Ce décalage temporel entre ingestion et perception de satiété explique pourquoi les mangeurs rapides consomment des portions plus importantes à apport calorique perçu équivalent. La mastication agit ici comme un régulateur mécanique du volume ingéré, indépendamment de la composition du repas.
- La cholécystokinine, libérée par le duodénum en réponse aux graisses et protéines partiellement digérées, ralentit la vidange gastrique et renforce la sensation de plénitude.
- Le GLP-1 (glucagon-like peptide-1), sécrété par les cellules L de l’iléon, freine l’appétit et module la glycémie postprandiale.
- La distension gastrique progressive, facilitée par un bol alimentaire correctement fractionné, active les mécanorécepteurs de la paroi stomacale qui relaient le signal de satiété au nerf vague.

Repères pratiques pour une mastication efficace en conditions réelles
Compter ses coups de dents à chaque bouchée n’est ni réaliste ni souhaitable sur la durée.

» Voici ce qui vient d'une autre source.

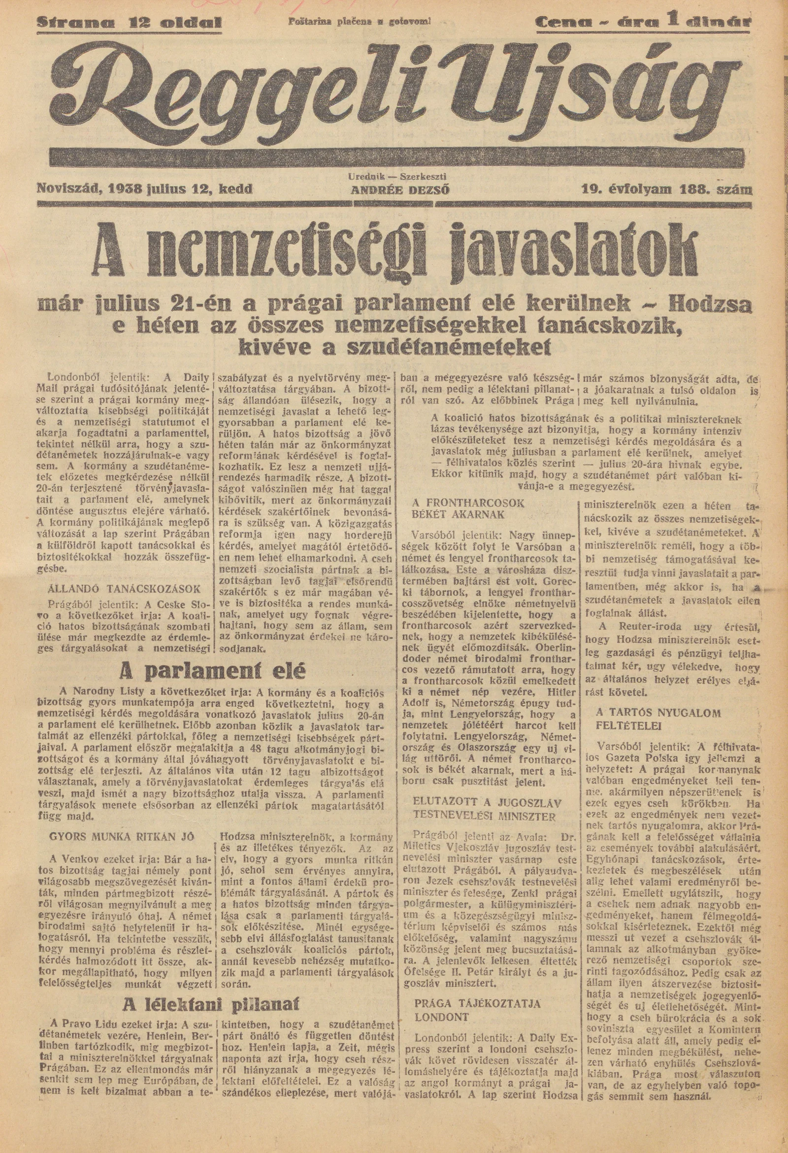 Reggeli Újság, 19. évf. 1938. július 12. 188. sz.

L’objectif est d’atteindre une consistance de purée homogène avant de déglutir, quel que soit l’aliment. Les textures fibreuses (viande rouge, crudités, pain complet) exigent naturellement plus de cycles masticatoires que les textures molles.
- Poser les couverts entre chaque bouchée ralentit mécaniquement le rythme d’ingestion sans effort cognitif particulier.
- Éviter de boire de grandes quantités de liquide pendant le repas empêche de « rincer » le bol alimentaire vers l’œsophage avant un broyage suffisant.
- Privilégier des aliments à texture ferme (légumes crus, céréales complètes, fruits entiers) incite à mastiquer plus longtemps qu’un régime alimentaire centré sur des préparations mixées ou ultra-transformées.
- La santé dentaire conditionne directement la capacité masticatoire : des dents manquantes ou des prothèses mal ajustées réduisent l’efficacité du broyage et doivent être prises en charge pour préserver la chaîne digestive.
La mastication reste le seul maillon de la digestion sur lequel nous exerçons un contrôle volontaire et immédiat. Chaque repas est une occasion d’agir sur la vidange gastrique, la composition du microbiote et la régulation de la satiété, sans modifier le contenu de l’assiette. Un geste aussi banal que mâcher plus longtemps constitue, sur le plan physiologique, un levier d’optimisation digestive accessible à tous les profils de patients.